This year, for the first time, China is expected to become the world’s number one patent publisher, surpassing the U.S. and Japan in the total and basic number of patents. We must do more to help America’s innovators and job creators to keep pace in the global marketplace.
The last major patent reform was nearly 60 years ago. Since then, U.S. innovators have developed cell phones and launched the Internet. And yet the laws protecting the technologies of today are stuck in the past. We need a system that ensures patent certainty, approves good patents quickly and weeds out bad patents effectively.
The America Invents Act (H.R. 1249) brings our patent system into the 21st Century. It has broad support from industry leaders, academic institutions and independent inventors. The bill passed out of the House Judiciary Committee by a vote of 32-3. And similar legislation overwhelmingly passed the Senate by a vote of 95-5.
As former Attorney General Michael B. Mukasey recently wrote, H.R. 1249 is both “constitutional and wise.”
The bill adopts a first-inventor-to-file standard to reduce frivolous litigation over patent ownership. This provision actually returns us to a system similar to what our founders created and used: first- inventor-to-register. This switch creates certainty over patent ownership, which is critical for inventors seeking to raise capital, grow their businesses and create jobs.

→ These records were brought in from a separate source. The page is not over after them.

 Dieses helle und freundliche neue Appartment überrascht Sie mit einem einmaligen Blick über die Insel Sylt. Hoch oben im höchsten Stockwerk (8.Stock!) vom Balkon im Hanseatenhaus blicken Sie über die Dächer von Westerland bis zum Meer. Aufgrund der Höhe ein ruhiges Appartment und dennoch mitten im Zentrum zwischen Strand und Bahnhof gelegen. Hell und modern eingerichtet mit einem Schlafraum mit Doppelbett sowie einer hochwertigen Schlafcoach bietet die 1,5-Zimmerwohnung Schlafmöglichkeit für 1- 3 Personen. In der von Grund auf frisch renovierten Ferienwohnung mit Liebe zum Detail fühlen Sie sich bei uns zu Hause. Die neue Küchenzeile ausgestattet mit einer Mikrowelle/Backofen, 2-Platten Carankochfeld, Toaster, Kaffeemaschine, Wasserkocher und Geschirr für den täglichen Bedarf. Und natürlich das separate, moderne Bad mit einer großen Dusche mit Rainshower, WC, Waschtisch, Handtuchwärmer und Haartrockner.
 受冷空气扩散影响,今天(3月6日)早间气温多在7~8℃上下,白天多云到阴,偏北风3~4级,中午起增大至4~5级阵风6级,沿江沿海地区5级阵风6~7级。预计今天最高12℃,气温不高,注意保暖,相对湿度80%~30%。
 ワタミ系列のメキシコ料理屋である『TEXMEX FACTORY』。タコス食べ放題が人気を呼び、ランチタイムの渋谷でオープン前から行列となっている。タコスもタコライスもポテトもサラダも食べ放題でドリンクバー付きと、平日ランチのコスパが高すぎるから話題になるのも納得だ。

This provision protects independent inventors from companies by limiting costly litigation over patent ownership that independent inventors often lose. It costs anywhere from $400,000 to $500,000, according to the patent office, to pursue an interference proceeding — claiming the right to a patent based on an earlier invention. As The New York Times recently pointed out, “Most small inventors don’t have that kind of money. Big corporations do.”
H.R. 1249 also helps weed out bad patents that the PTO admits should never have been approved. The mistakes occurred in the late 1990s following a federal court ruling that created a new class of patents called business-method patents. The PTO was ill-equipped to handle the flood of business-method patent applications that followed the ruling. Few examiners had the necessary background and education to understand the inventions and lacked information regarding prior art. As a result, the PTO issued some weak patents that have led to frivolous lawsuits.
Section 18 of the bill establishes a pilot program that allows the PTO to reexamine a limited group of questionable business-method patents. If someone is being sued by a business-method patent holder, that individual can petition the PTO to review the patent in question using the best prior art available.
Bad patents that never should have been issued will be eliminated. Good patents that pass muster under this scrutiny will have even stronger legal integrity. This isn’t favoritism; it is a fair result for all parties.
H.R. 1249 also puts an end to fee diversion and ensures consistent funding of the PTO to help address the current backlog of patent applications. The PTO collects fees for services provided to independent inventors and businesses applying for patents. But rather than retaining the fees it collects, the money is diverted to other federal programs. Since 1992, nearly $1 billion has been diverted from the PTO.
The new language negotiated by the Judiciary and Appropriations Committees ends fee diversion by creating a fund for fees collected by the PTO. The money in the fund will be reserved for and used by the PTO and only the PTO. This maintains congressional oversight, while making sure that fees collected by the PTO can no longer be diverted.
Allowing the PTO to retain the fees it collects means more patent examiners to help make sure good patents are approved more quickly. And that means more products for American consumers and more jobs for American workers.
Rep. Lamar Smith (R-Texas) chairs the House Judiciary Committee and is the author of H.R. 1249, the America Invents Act.